• PROBLEM REQUIREMENTS:
Exclude the pictures, and otherwise reproduce the data in full.

Stored records:

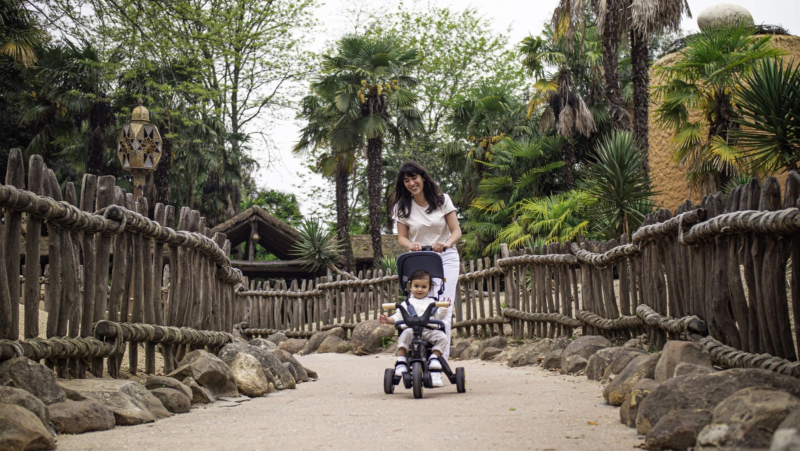 Maluch podróżuje rowerkiem z rączką, którą trzyma dorosły oraz podłokietnikiem. Dziecko uczy się samodzielnego odpychania rowerka, bez udziału podnóżka, który należy zdjąć. W razie potrzeby bez daszku UV, pedały mogą być już przesunięte do przodu (w stanie spoczynku). Pasy bezpieczeństwa nadal zapięte - dziecko podróżuje bezpiecznie.
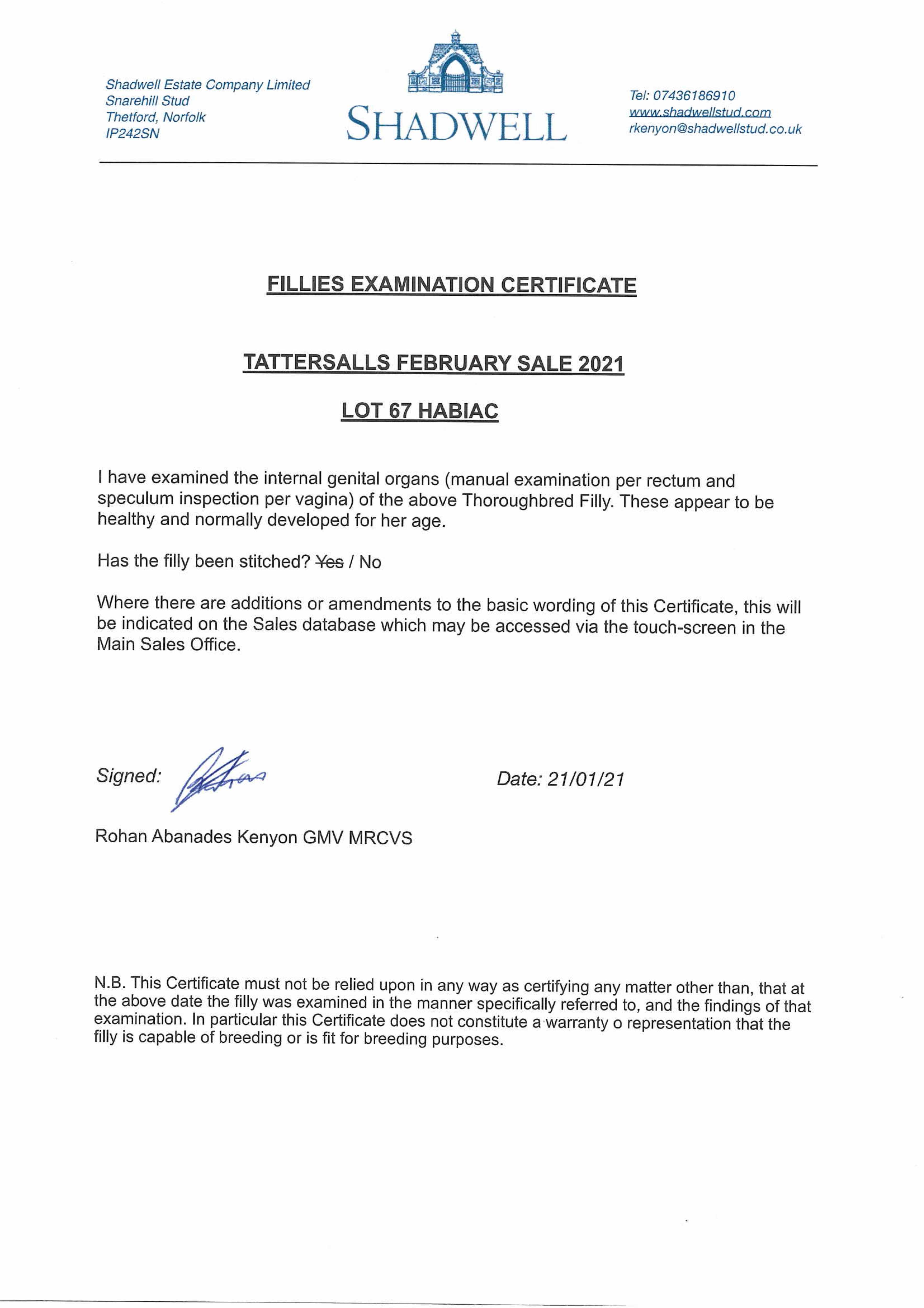 Contact: Dennis O'Brien ✆ +447885492528 ✉ dobrien@shadwellstud.co.uk
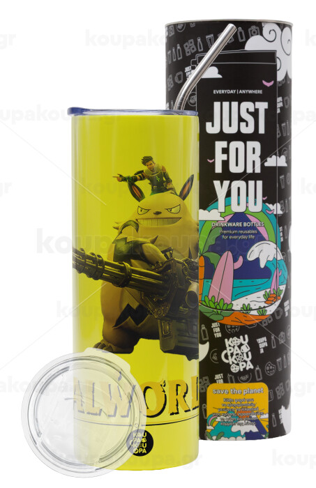Palworld, Neon Yellow Travel Tumbler, with metal straw (Stainless steel 304 Food grade, BPA free, 600ml)
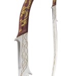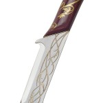 Arwen’s sword is called Hadhafang, which means throng cleaver. It once belonged to the Elven princess Idril, who wed a mortal man and bore Earendil, the father of Elrond, who in turn was father to Arwen. At the end of the Second Age of Middle-Earth, before Arwen was born, Elrond wielded Hadhafang during the Last Alliance of Elves and Men in the great battle against Sauron. Later, his daughter Arwen used this mighty sword when she aided Frodo in his escape from the Ringwraiths (Nazgûl).
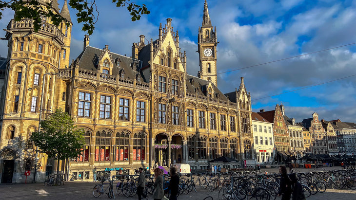 Gent, doordrenkt van historie, omarmt je bij de eerste stap op de kasseien. De middeleeuwse pracht, getuige van een glorieus verleden, strekt zich uit over de horizon. Oude kerken, met hun torens die de hemel kietelen, sieren de skyline als wachters van vervlogen tijden.
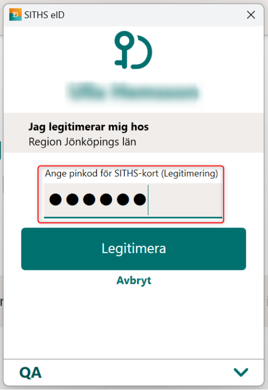 Ange legitimeringskoden för ditt SITHS-kort och tryck på Legitimera
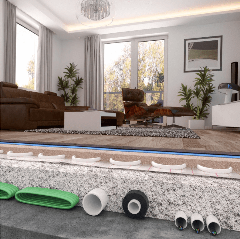 • Niższa grubość podkładu: można wylewać na grubość minimum 30 mm na warstwie oddzielającej bez ogrzewania podłogowego oraz minimum 50 mm w przypadku ogrzewania podłogowego.

• SOLUTION FOR THIS EXERCISE:
 Maluch podróżuje rowerkiem z rączką, którą trzyma dorosły oraz podłokietnikiem. Dziecko uczy się samodzielnego odpychania rowerka, bez udziału podnóżka, który należy zdjąć. W razie potrzeby bez daszku UV, pedały mogą być już przesunięte do przodu (w stanie spoczynku). Pasy bezpieczeństwa nadal zapięte - dziecko podróżuje bezpiecznie.
 Contact: Dennis O'Brien ✆ +447885492528 ✉ dobrien@shadwellstud.co.uk
Palworld, Neon Yellow Travel Tumbler, with metal straw (Stainless steel 304 Food grade, BPA free, 600ml)
 Arwen’s sword is called Hadhafang, which means throng cleaver. It once belonged to the Elven princess Idril, who wed a mortal man and bore Earendil, the father of Elrond, who in turn was father to Arwen. At the end of the Second Age of Middle-Earth, before Arwen was born, Elrond wielded Hadhafang during the Last Alliance of Elves and Men in the great battle against Sauron. Later, his daughter Arwen used this mighty sword when she aided Frodo in his escape from the Ringwraiths (Nazgûl).
 Gent, doordrenkt van historie, omarmt je bij de eerste stap op de kasseien. De middeleeuwse pracht, getuige van een glorieus verleden, strekt zich uit over de horizon. Oude kerken, met hun torens die de hemel kietelen, sieren de skyline als wachters van vervlogen tijden.
 Ange legitimeringskoden för ditt SITHS-kort och tryck på Legitimera
 • Niższa grubość podkładu: można wylewać na grubość minimum 30 mm na warstwie oddzielającej bez ogrzewania podłogowego oraz minimum 50 mm w przypadku ogrzewania podłogowego.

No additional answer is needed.